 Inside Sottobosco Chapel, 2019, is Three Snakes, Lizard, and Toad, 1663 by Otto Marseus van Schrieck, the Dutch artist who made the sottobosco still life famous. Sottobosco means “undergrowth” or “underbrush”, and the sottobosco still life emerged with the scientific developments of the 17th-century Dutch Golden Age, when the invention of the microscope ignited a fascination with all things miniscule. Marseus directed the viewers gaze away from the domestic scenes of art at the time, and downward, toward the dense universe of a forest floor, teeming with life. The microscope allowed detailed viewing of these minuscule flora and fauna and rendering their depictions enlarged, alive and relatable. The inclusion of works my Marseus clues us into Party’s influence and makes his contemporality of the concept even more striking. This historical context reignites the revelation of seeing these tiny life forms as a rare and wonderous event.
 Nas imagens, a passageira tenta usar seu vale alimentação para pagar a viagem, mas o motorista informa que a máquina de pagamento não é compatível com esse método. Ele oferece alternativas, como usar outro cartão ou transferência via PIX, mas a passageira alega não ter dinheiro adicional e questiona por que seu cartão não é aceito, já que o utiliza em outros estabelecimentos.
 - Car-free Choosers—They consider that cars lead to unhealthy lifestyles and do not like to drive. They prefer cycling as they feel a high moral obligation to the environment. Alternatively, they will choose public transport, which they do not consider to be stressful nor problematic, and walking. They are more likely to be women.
☆ ☆ ☆
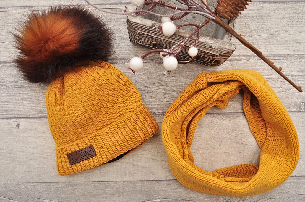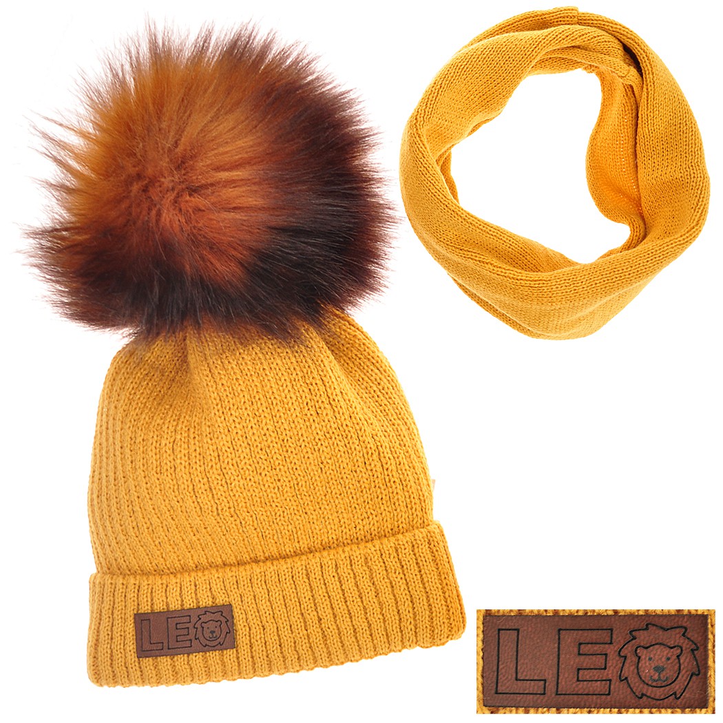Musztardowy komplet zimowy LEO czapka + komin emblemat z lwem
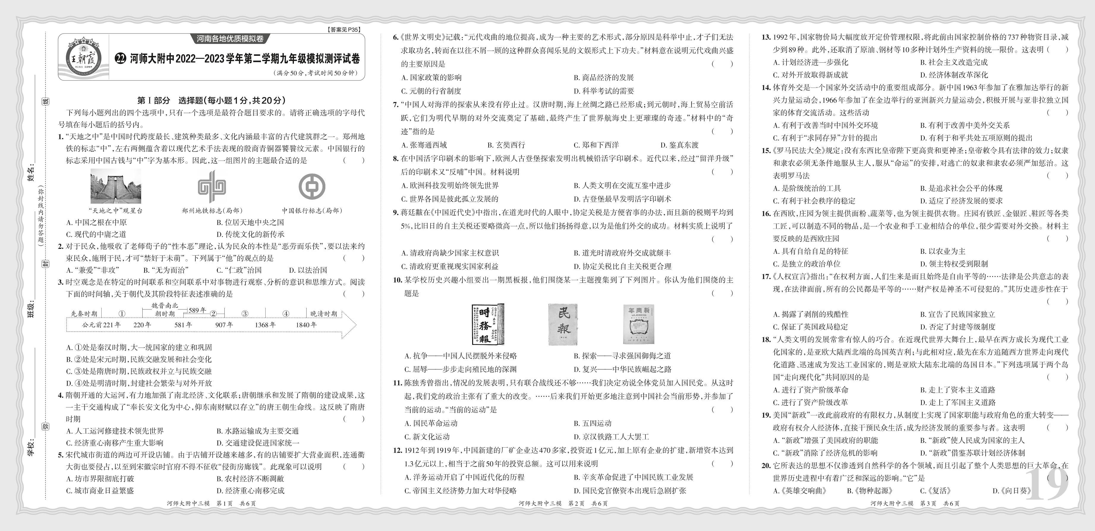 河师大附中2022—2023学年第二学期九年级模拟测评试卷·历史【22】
☆ ☆ ☆
▸ WHAT TO WORK ON
In the material above, one part opens with the line containing "Musztardowy komplet zimowy" and closes with the line containing "河师大附中2022—2023学年第二学期九年级模拟测评试卷·历史【22】". Write out that part exactly and skip its pictures.

▸ FINISHED EXERCISE
Musztardowy komplet zimowy LEO czapka + komin emblemat z lwem
 河师大附中2022—2023学年第二学期九年级模拟测评试卷·历史【22】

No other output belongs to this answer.